If you have already submitted a VA appeal, then just sit back and wait. You might receive a RAMP invitation sometime this coming year, but there is nothing that you can actively do right now.
If you receive a RAMP invitation, then you have the option to choose whether to participate in the new RAMP process or to leave your appeal in the old process. Either way could be fine, depending on your case, and it is completely up to you.
The goal of RAMP is to make the VA appeals process faster, so it may be in your best interest to switch to RAMP. However, if you’ve been pending for awhile and your case is more complicated, it may be better to stay.
Under RAMP, you have the ability to choose one of three “lanes” to put your appeal in. If you pick the best lane for your type of case, then it will be reviewed much more quickly than the current system. If, however, you pick the wrong lane or it is too complicated for a particular lane, it will then be transferred to the other lane or the BVA’s longer line.
Even under RAMP, more complicated cases must go to the Board of Veterans Appeals (BVA), but the BVA will not be reviewing any RAMP cases until February 2019. Until then, the BVA will simply focus on the pending appeals in the current system.
It’s important that you understand the types of cases that should be put in each lane so that you make the best decision for your VA appeal:
1. Local Higher Level Review. This lane is for cases that don’t have any new evidence and are fairly straightforward. If the VA made an error and the evidence in the claim clearly proves their error, then this is the lane for you. The majority of appeals that don’t have new evidence will be fine in this lane.
2. New Evidence. This lane is for claims that have new evidence that wasn’t submitted with the original claim. If the VA made a decision about your case, but didn’t have all the evidence and you’d like to submit additional evidence, then this is the lane for you. Only submit to this lane if you have new evidence regarding your conditions that the VA has not yet seen.
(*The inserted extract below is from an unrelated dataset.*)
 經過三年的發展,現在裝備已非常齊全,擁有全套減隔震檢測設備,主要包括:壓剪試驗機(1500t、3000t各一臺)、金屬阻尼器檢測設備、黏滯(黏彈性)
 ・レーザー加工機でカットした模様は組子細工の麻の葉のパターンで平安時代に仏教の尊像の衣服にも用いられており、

3. The Board. This lane sends a case directly to the Board of Veterans’ Appeals (BVA). Again, however, the BVA will not be reviewing cases under RAMP until February 2019 as they are already overwhelmed under the current system and need to focus on that.
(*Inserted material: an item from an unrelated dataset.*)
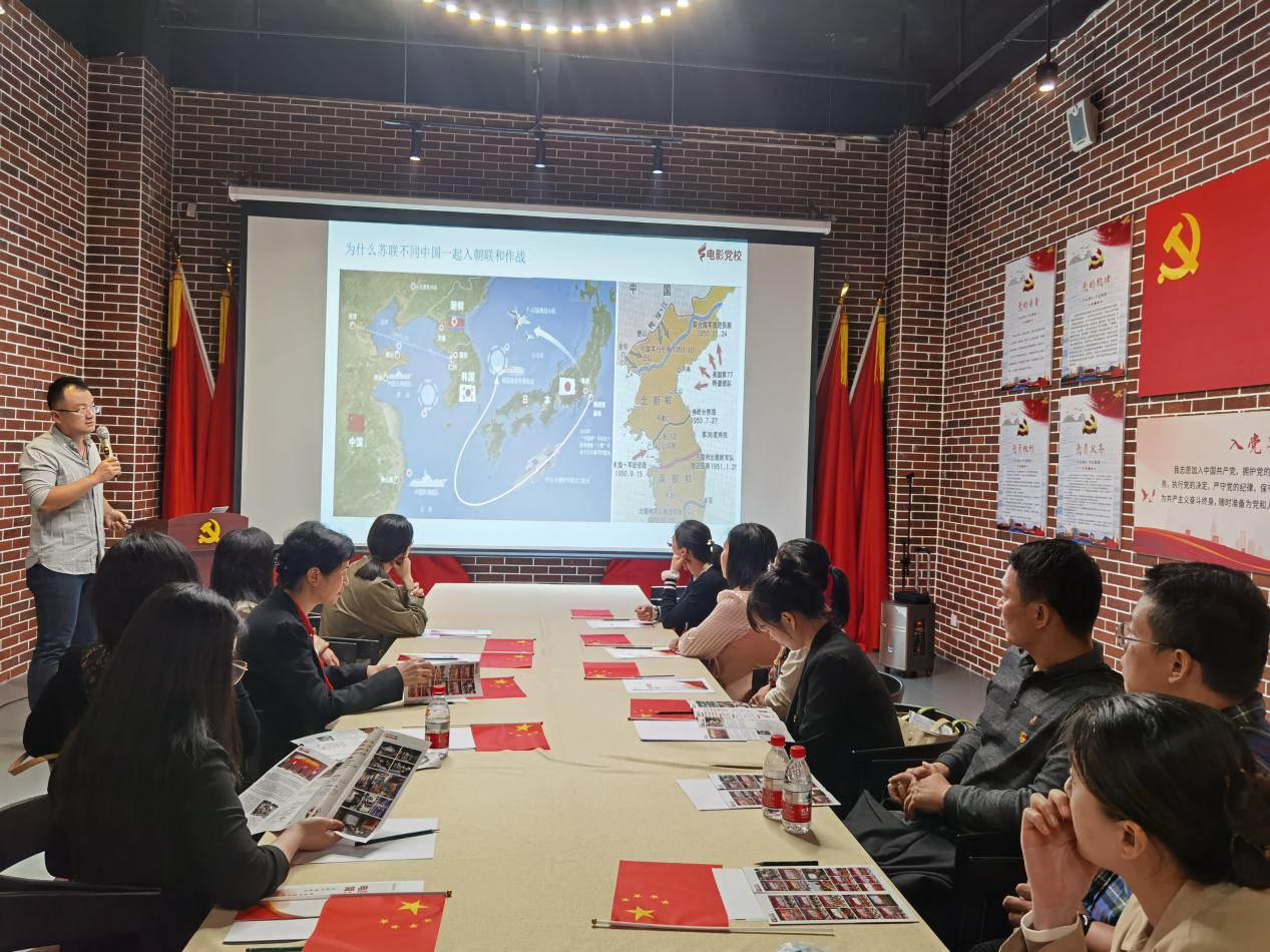 为庆祝中国共产党成立100周年,纪念抗美援朝战争爆发71周年,激发支部党员顽强的战斗精神、不屈不挠的奋斗精神,10月28日下午,组织人事直属党支部全体党员到南宁经济技术开发区两新领域电影党校开展“弘扬革命精神 传承红色基因”主题党日活动。

So until the RAMP program is fully implemented, only the first two lanes will be beneficial. If you decide to participate in the RAMP program under one of the first two lanes, and disagree with their decision, then you can appeal directly to the BVA.
As the BVA will be focusing on the current appeals, it is definitely fine to choose to not participate in the RAMP program. Depending on your case, however, the RAMP program may be a godsend. In reality, the majority of VA appeals are fairly straightforward cases that are simply bogged down in the overload of the current system. This new RAMP system will allow those cases to be separated out and reviewed more quickly.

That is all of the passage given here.